*EXERCISE BRIEF*
Below are the records; print exactly the lines from the one with "Ti offriamo una" through the last, both included, and leave the pictures out.

(Recorded data)
—————
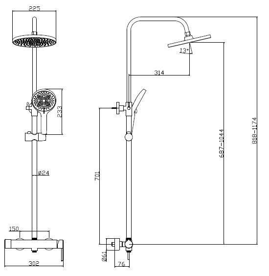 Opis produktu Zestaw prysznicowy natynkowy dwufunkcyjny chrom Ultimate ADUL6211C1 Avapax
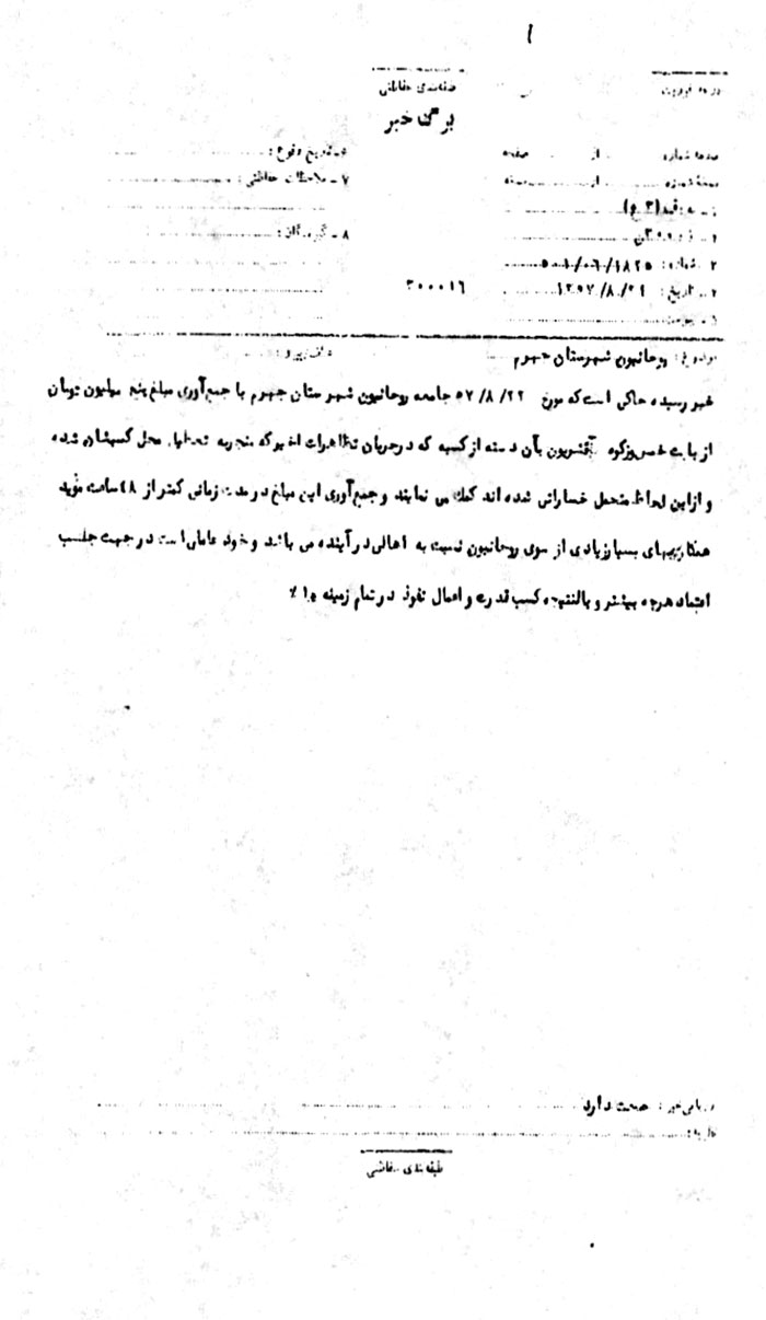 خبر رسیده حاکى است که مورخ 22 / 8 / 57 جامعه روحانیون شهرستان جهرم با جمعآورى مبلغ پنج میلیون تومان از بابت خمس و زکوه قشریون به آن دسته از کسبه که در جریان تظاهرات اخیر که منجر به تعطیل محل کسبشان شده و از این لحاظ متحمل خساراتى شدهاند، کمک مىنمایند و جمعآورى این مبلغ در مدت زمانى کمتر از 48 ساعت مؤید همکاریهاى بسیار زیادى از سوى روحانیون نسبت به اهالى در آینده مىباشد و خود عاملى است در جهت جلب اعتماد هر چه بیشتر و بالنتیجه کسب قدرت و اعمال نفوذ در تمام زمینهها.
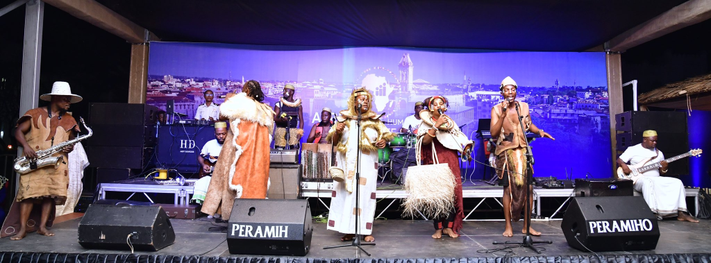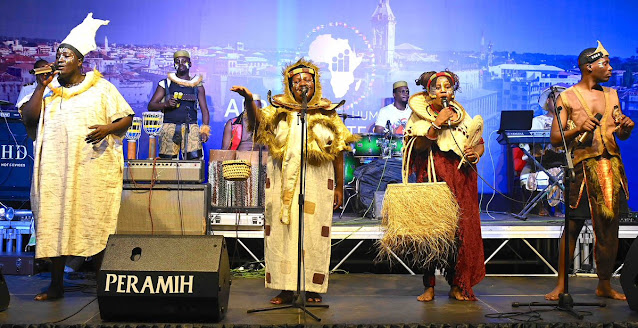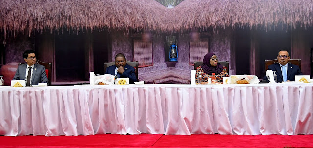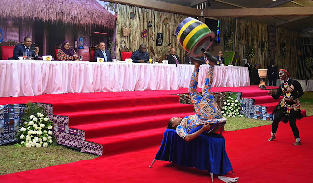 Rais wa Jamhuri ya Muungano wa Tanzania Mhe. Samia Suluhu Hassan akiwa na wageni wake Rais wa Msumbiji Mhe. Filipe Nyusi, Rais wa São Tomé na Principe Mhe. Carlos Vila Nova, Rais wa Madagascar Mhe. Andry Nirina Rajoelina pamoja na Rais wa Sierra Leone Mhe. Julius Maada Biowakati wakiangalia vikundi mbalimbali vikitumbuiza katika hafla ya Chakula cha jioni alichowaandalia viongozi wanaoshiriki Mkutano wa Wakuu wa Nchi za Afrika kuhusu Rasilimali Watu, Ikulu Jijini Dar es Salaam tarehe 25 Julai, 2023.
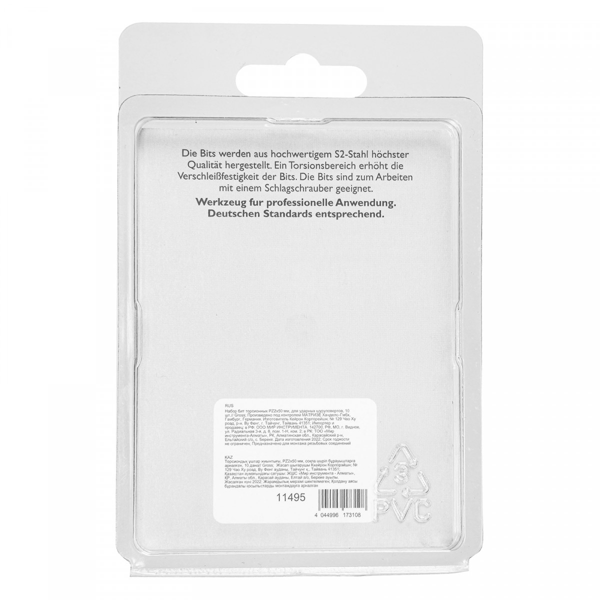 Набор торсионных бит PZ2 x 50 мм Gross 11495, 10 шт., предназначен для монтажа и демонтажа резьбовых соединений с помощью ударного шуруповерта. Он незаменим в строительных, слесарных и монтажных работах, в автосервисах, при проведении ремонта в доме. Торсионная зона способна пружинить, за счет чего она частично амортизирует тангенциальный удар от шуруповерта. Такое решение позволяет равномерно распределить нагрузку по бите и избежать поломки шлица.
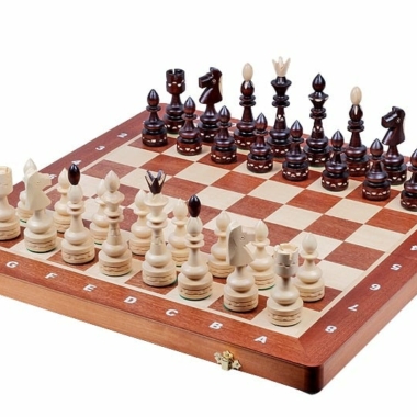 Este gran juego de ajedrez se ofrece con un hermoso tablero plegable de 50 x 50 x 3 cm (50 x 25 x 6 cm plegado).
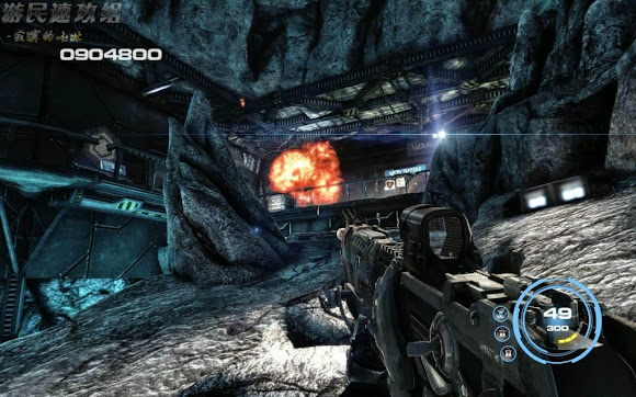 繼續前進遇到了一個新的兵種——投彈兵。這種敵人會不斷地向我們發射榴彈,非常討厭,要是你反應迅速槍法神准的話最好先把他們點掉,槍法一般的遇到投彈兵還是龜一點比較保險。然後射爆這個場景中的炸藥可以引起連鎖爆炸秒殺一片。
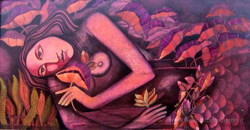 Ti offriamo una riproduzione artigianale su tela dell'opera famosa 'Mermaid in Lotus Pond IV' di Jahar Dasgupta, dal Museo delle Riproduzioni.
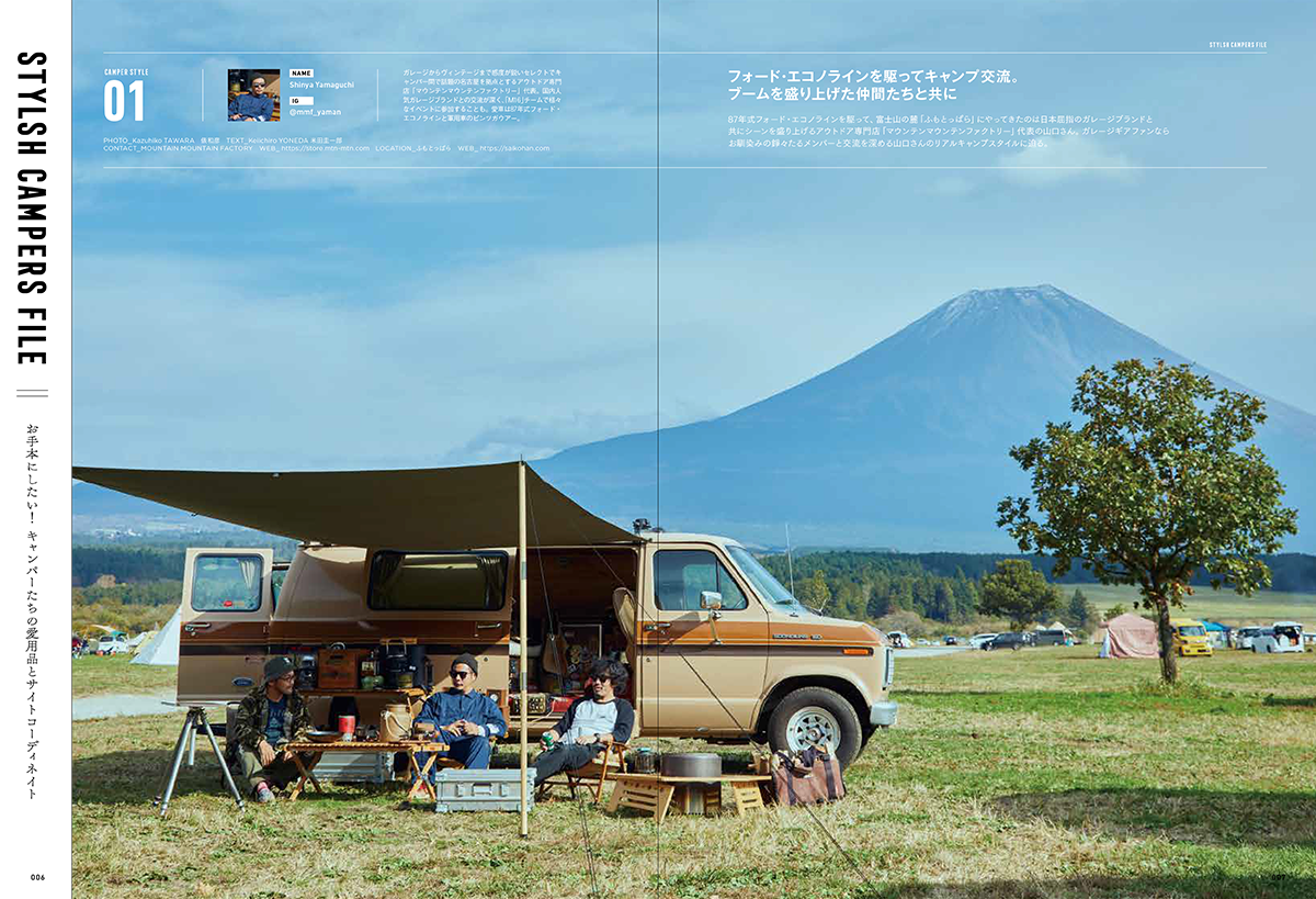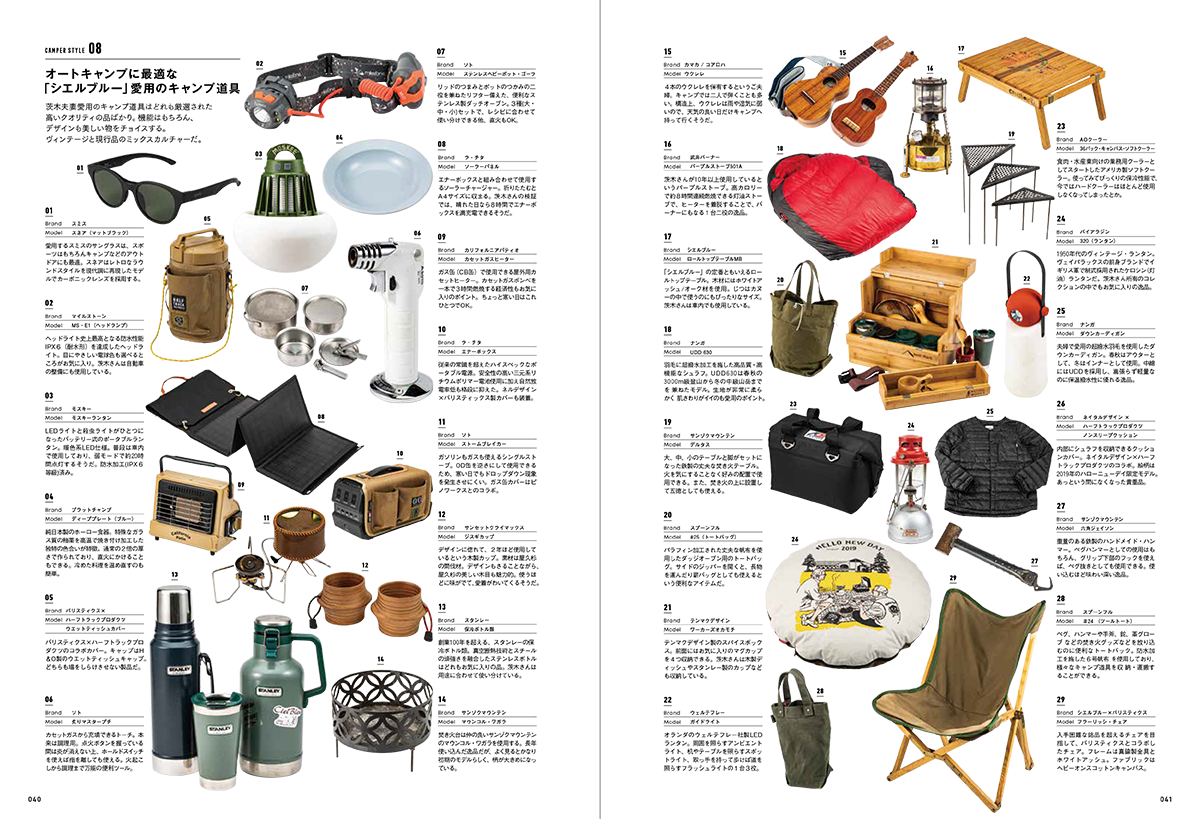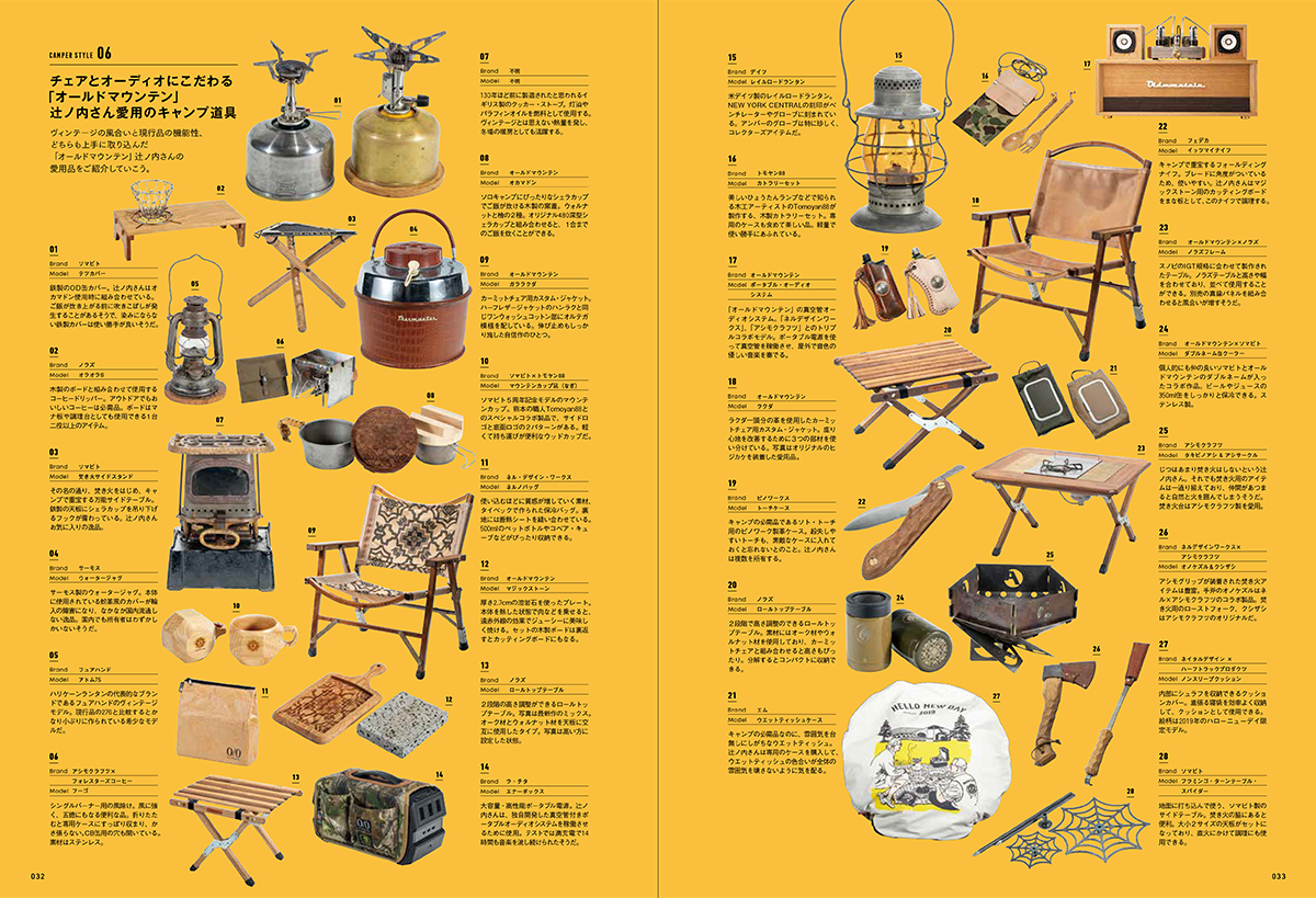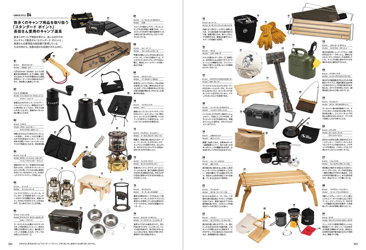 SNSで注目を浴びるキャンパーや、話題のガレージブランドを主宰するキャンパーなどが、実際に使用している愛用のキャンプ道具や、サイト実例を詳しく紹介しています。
—————
*WRITTEN ANSWER*
 Ti offriamo una riproduzione artigianale su tela dell'opera famosa 'Mermaid in Lotus Pond IV' di Jahar Dasgupta, dal Museo delle Riproduzioni.
 SNSで注目を浴びるキャンパーや、話題のガレージブランドを主宰するキャンパーなどが、実際に使用している愛用のキャンプ道具や、サイト実例を詳しく紹介しています。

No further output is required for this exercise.